■ PROBLEM ■
Reproduce the entries that follow exactly, dropping each image.

■ SUPPLIED RECORDS ■
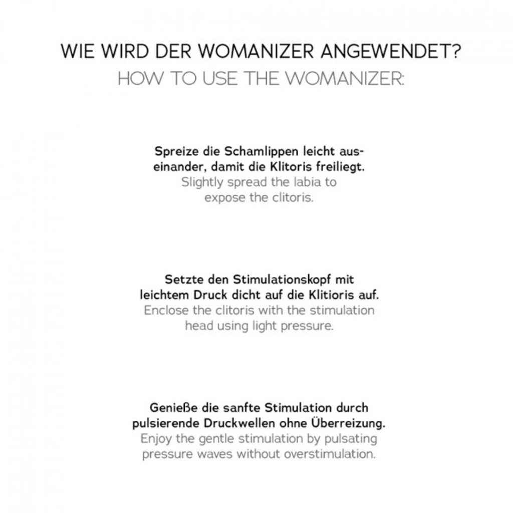 Stworzony dla Ciebie i Twojego ciała: Wszystkie produkty Womanizer zawierają unikalną innowację o nazwie Pleasure Air Technology. Dlaczego jest taki wyjątkowy? Twoja łechtaczka jest stymulowana bez bezpośredniego kontaktu. Delikatne wibracje powietrza jednocześnie zasysają i masują, zapewniając niespotykane doznania orgazmu.
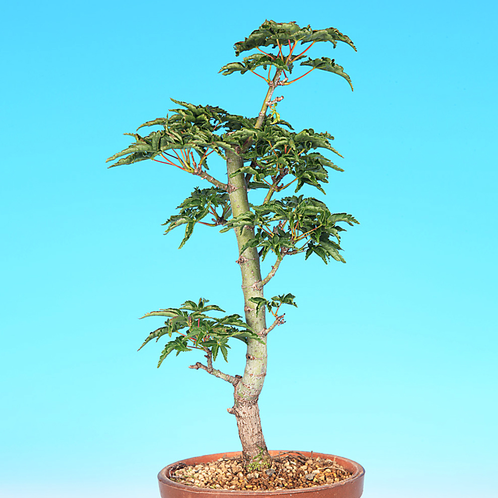 日照・通風の良い棚上での管理が理想です。樹づくり中の素材は別として、紅葉を楽しむ、あるいは展示会出展予定の樹などは夏場に葉灼けを防ぐ意味で寒冷紗などで遮光するようにします。
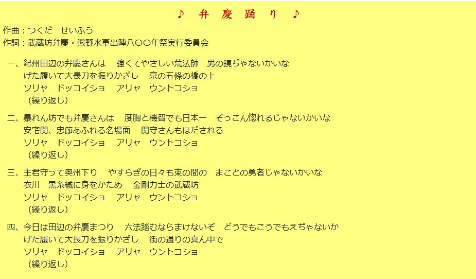 「弁慶ゲタ踊り」の歌詞は、和歌山県田辺市の弁慶まつりで踊られる、弁慶の豪傑ぶりを表現した勇壮な歌で、「紀州田辺の弁慶さん」「げた履いて大長刀を振りかざし」「ソリャ ドッコイショ アリャ ウントコショ」といった威勢の良い掛け声と、主君を守り衣川で壮絶な最期を遂げるまでが歌われています。
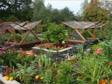 In the garden decor of traditional gardens, decorated in rural style, a large place is occupied by objects of peasant life. These beds are made of wood, old wheels, clay shards and other utensils.
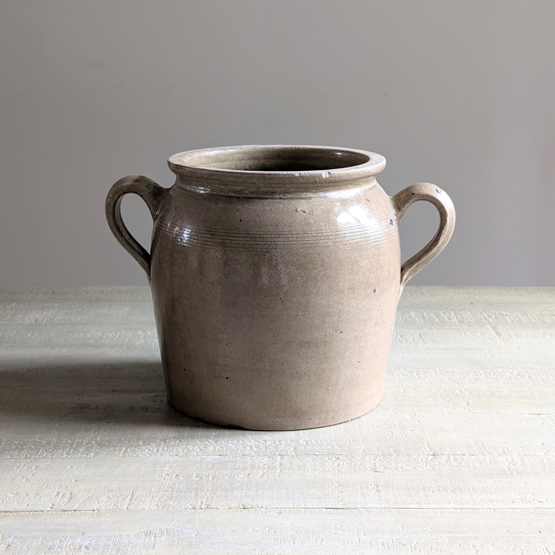 A really sweet, large loop-eared confit pot, this pale neutral vessel has rare loop-style 'ears' which make it even more special. Style alone or display your favourite seasonal bouquet to add some French country farmhouse charm to your home.
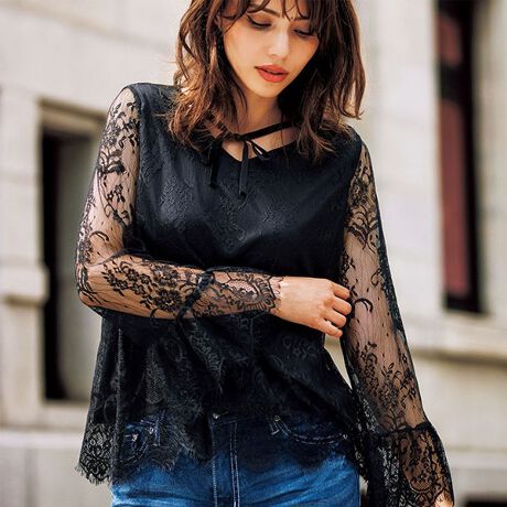 <ジーラ バイ リュリュ(ファッション)のフレアー袖パネル柄レースブラウス>

■ RESULT OF THIS EXERCISE ■
 Stworzony dla Ciebie i Twojego ciała: Wszystkie produkty Womanizer zawierają unikalną innowację o nazwie Pleasure Air Technology. Dlaczego jest taki wyjątkowy? Twoja łechtaczka jest stymulowana bez bezpośredniego kontaktu. Delikatne wibracje powietrza jednocześnie zasysają i masują, zapewniając niespotykane doznania orgazmu.
 日照・通風の良い棚上での管理が理想です。樹づくり中の素材は別として、紅葉を楽しむ、あるいは展示会出展予定の樹などは夏場に葉灼けを防ぐ意味で寒冷紗などで遮光するようにします。
 「弁慶ゲタ踊り」の歌詞は、和歌山県田辺市の弁慶まつりで踊られる、弁慶の豪傑ぶりを表現した勇壮な歌で、「紀州田辺の弁慶さん」「げた履いて大長刀を振りかざし」「ソリャ ドッコイショ アリャ ウントコショ」といった威勢の良い掛け声と、主君を守り衣川で壮絶な最期を遂げるまでが歌われています。
 In the garden decor of traditional gardens, decorated in rural style, a large place is occupied by objects of peasant life. These beds are made of wood, old wheels, clay shards and other utensils.
 A really sweet, large loop-eared confit pot, this pale neutral vessel has rare loop-style 'ears' which make it even more special. Style alone or display your favourite seasonal bouquet to add some French country farmhouse charm to your home.
 <ジーラ バイ リュリュ(ファッション)のフレアー袖パネル柄レースブラウス>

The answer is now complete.